Ce respect des joueurs, les dirigeants du Yugra ne semblent pas l'avoir. Les recrues slovaques, pas au niveau attendu, ont vite été laissées de côté, et ils cherchent par tous les moyens à s'en débarrasser. Comme ils n'arrivaient pas à convaincre l'agent Andrei Trefilov d'une rupture à l'amiable du contrat de Tomas Bulik, ils ont employé la ruse : ils ont fait signer au joueur un document en russe (langue qu'il ne parle pas) en prétextant qu'il s'agissait de formalités urgences de visa. Son agent a découvert le pot aux roses trop tard, le délai de rétractation de deux jours étant dépassé. Les mésaventures de Bulik ont fait le tour de la prnesse mondiale, effarée de ces pratiques d'un autre âge. Son compatriote slovaque Vladimir Dravecky n'est guère mieux loti : son contrat est respecté, mais il a été envoyé jouer en division inférieure.

 

AvtomobilistIl y a un an, c'est l'Avtomobilist Ekaterinbourg qui était le petit nouveau de la KHL. Il avait alors réussi à accéder aux play-offs, mais le cap de la deuxième saison s'annonce plus ardu. Le club a peu de moyens pour recruter et se contente de Slovaques au meilleur rapport qualité/prix. S'y ajoute le défenseur tchèque Angel Krstev, confié à l'entraîneur Evgeni Popikhin... qui avait pourtant demandé quelques mois plus tôt, quand il était à Nijni Novgorod, de rompre le contrat de ce même joueur !

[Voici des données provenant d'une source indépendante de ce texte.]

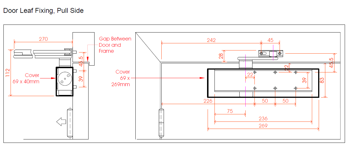 - Max door width pull-side is 1250mm wide, push-side 1100mm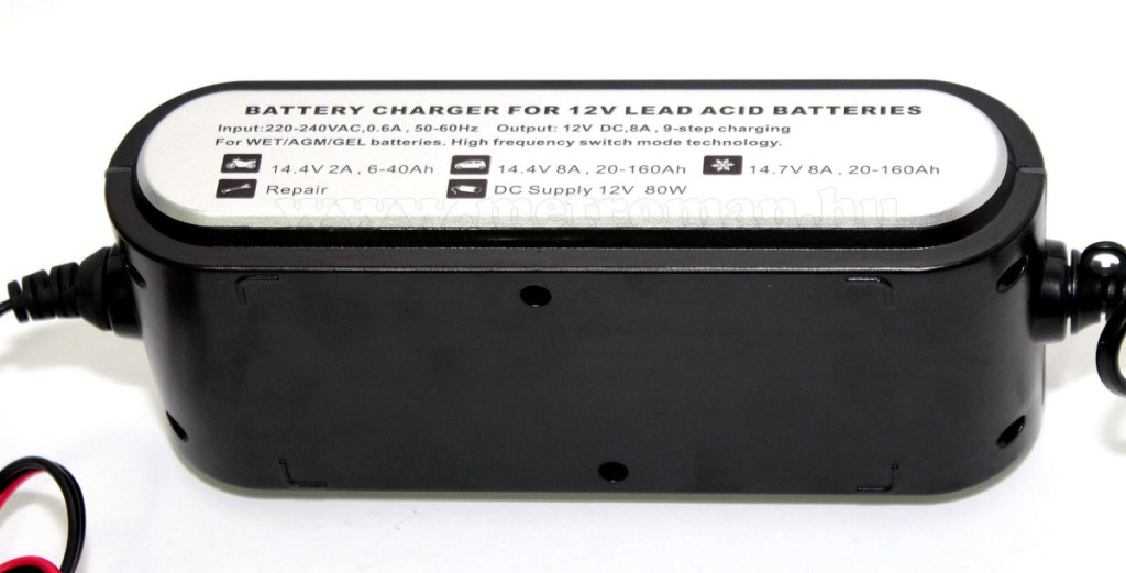 Teljesen automata , mikroprocesszor vezérelt intelligens akkumulátor töltő és csepptöltő . Max. 8 Amper töltőáram, mely az akku feltöltésekor lecsökkent, majd lekapcsol, ezért a töltő folyamatosan az akkumulátoron tartható.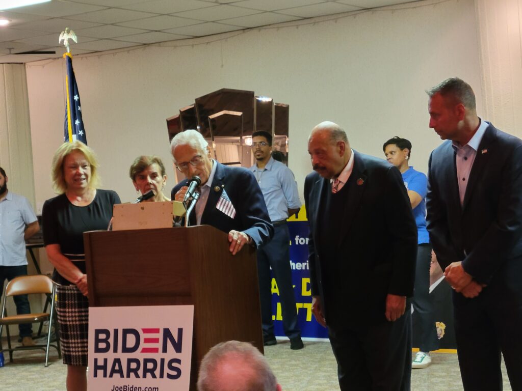 Congressman Pascrell, a long-time veteran of the Paterson, Passaic County, and federal political arena, also thanked the party organization. Pascrell emphasized the power of unity within the party, underscoring the tensions between the Adamo and Speziale aligned factions which must now be reconciled. “There are no small fish here,” the congressman said, “We did the job and stick together. We will have a new sheriff, a new commissioner, and will return Sandi and John. Without you, we don’t win.”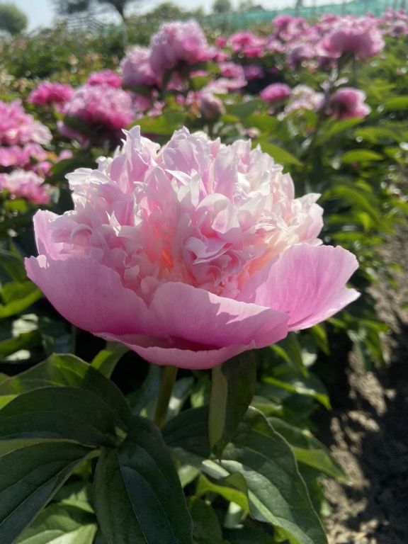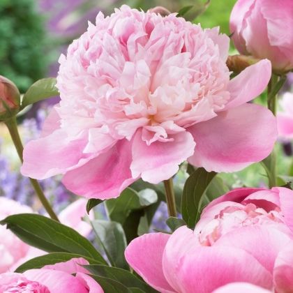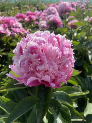 Piwonia ‘Lady Anna’ (Paeonia lactiflora ‘Lady Anna’) to elegancka, ozdobna piwonia zielna o dużych, gęsto pełnych kwiatach w delikatnych odcieniach różowo-lawendowych i kremowych, które tworzą miękki, subtelny efekt kolorystyczny w ogrodzie. Kwiaty mają faliste płatki i przyjemny zapach, a ich wyrazista, ale jednocześnie łagodna kolorystyka sprawia, że roślina jest chętnie sadzona zarówno na rabatach, jak i w kompozycjach z innymi bylinami. ‘Lady Anna’ osiąga wysokość około 80–90 cm, tworzy zwartą kępę ciemnozielonych liści, które pozostają dekoracyjne przez cały sezon, a okres kwitnienia przypada zwykle na maj–czerwiec. Roślina ma mocne, odporne na wiatr pędy, dobrze znosi warunki uprawy w pełnym słońcu lub półcieniu na glebie żyznej, przepuszczalnej i umiarkowanie wilgotnej, i doskonale nadaje się także jako kwiat cięty do wazonu dzięki trwałości kwiatów.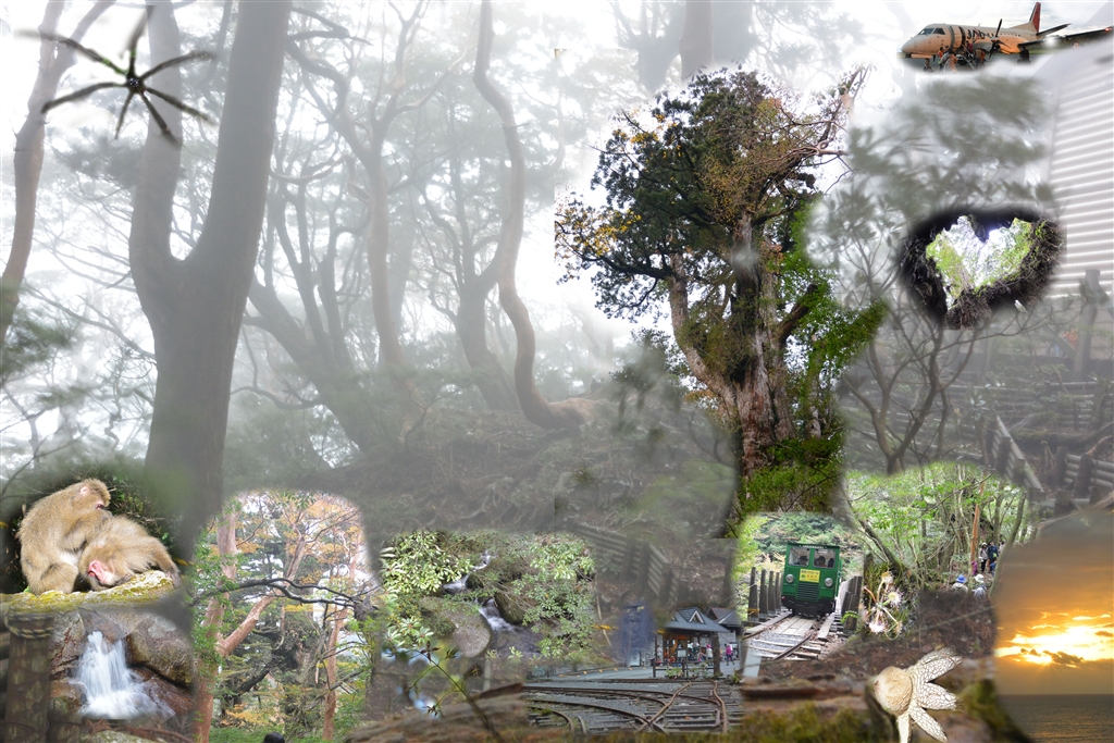 背景朝靄の縄文杉近キャンプ地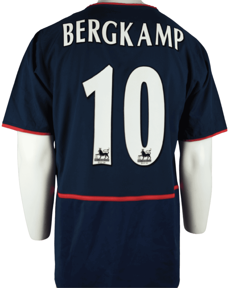 Achterop het shirt naam en rugnummer van Dennis Bergkamp. De top aanvaller speelde in totaal 423 wedstrijden voor Arsenal waarin hij 110 keer scoorde.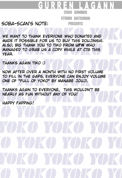 (C76) [Studio Katsudon (Manabe Jouji)] Yoko ni Manpuku!! | Full of Yoko! (Tengen Toppa Gurren Lagann) [English] [Soba-Scans]
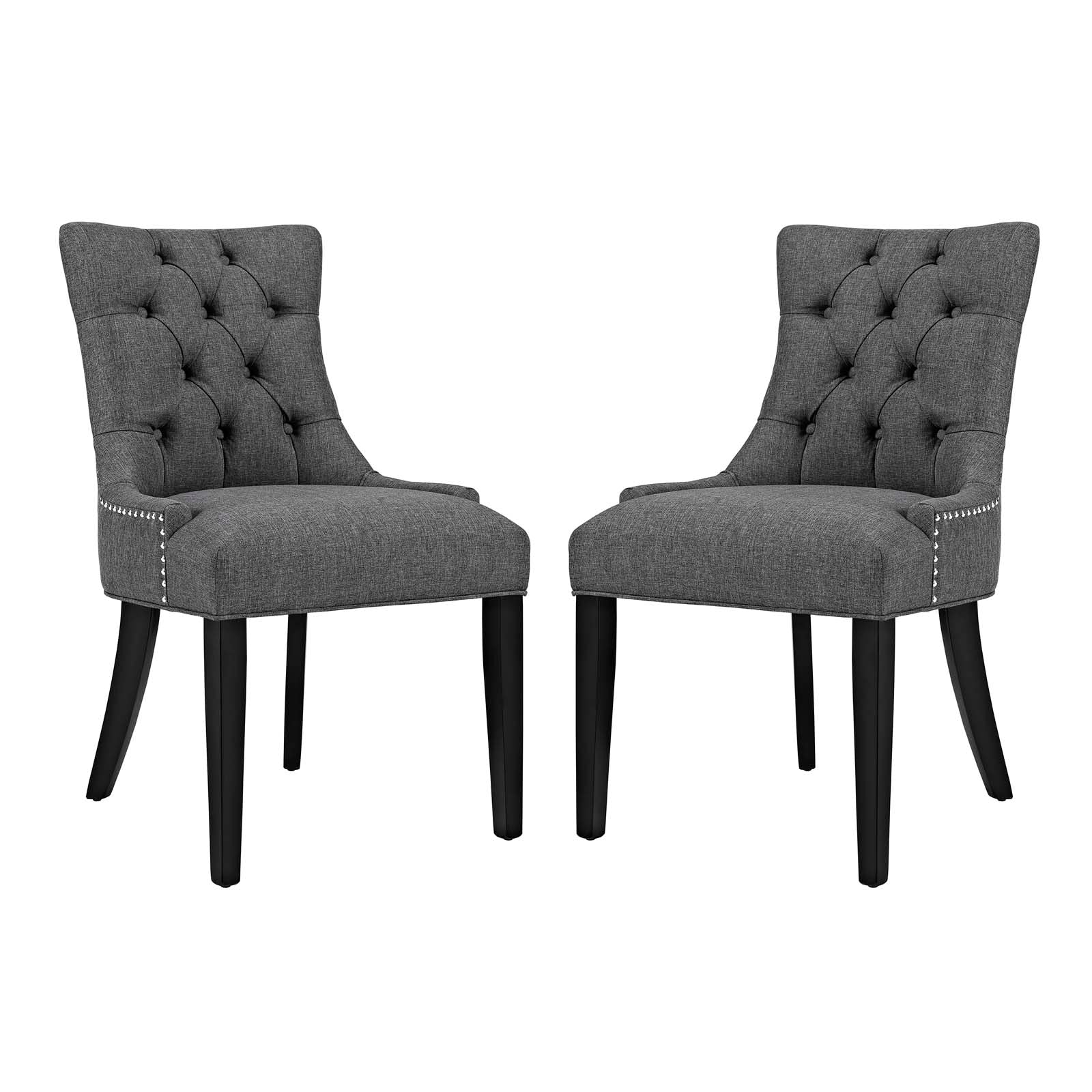 Transport your décor to a simpler time with the Regent Dining Side Chair. Fashioned with a chic and elegant look, Regent features finely tufted buttons, studded nailhead trim, and a regal seat generously padded in foam and upholstered in polyester fabric. Regent comes with non-marking foot caps, tapered wood legs, and works well in both modern and traditional dining rooms.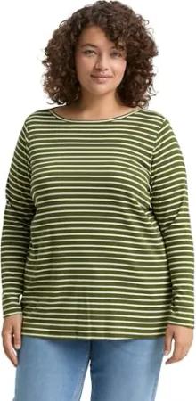 Damen 1048303 Langarmshirt mit Streifenmuster, 38845-Petrol Blue Offwhite Stripe, XXL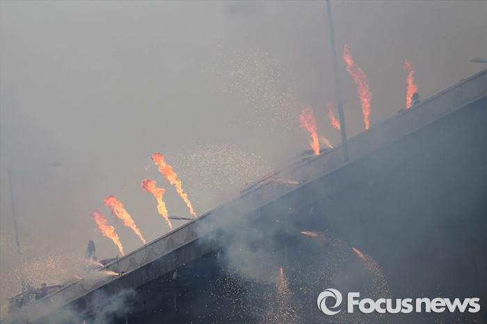 (서울=포커스뉴스) 27일 오전 서울 영등포구 여의도 한강공원 원효대교 일대에서 '수도 서울 민․관․군 합동 대규모 복합재난 가상훈련'이 진행되고 있다.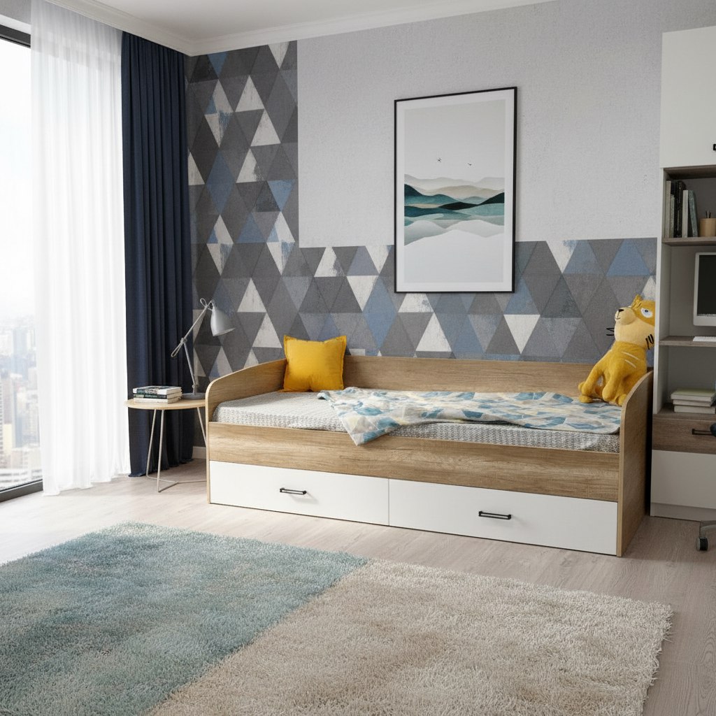Кровать Твой Стиль с увеличенным спальным местом идеальное решение для комнаты подростка.

De toute manière, Popikhin n'est pas resté longtemps. Il s'est lamenté d'avoir perdu deux joueurs important sur blessure, le défenseur Vladislav Otmakhov et le centre Nikolaï Bushuev, à juste titre car l'Avtomobilist a un banc relativement court et peu de réserves. Cela ne l'a pas sauvé et il a été viré mi-octobre avec son assistant Piotr Malkov.

Pas sûr qu'Ekaterinbourg ait les moyens de remonter, par contre Popikhin a vite rebondi. La place d'entraîneur de la nouvelle équipe de Russie B, recréée cette saison, s'est libérée au même moment parce que Nazarov s'est engagé avec le Vityaz, un cumul de fonctions qui n'a pas plu aux responsables de l'équipe nationale et en particulier au sélectionneur Slava Bykov. Popikhin est un vieil ami de Bykov puisqu'ils formaient un tandem d'entraîneurs chez les juniors élite de Fribourg-Gottéron puis pendant quinze mois chez les seniors. Aujourd'hui, Bykov est le patron de la Sbornaïa, et Popikhin, moins heureux dans ses expériences en club, intègre à son tour le staff.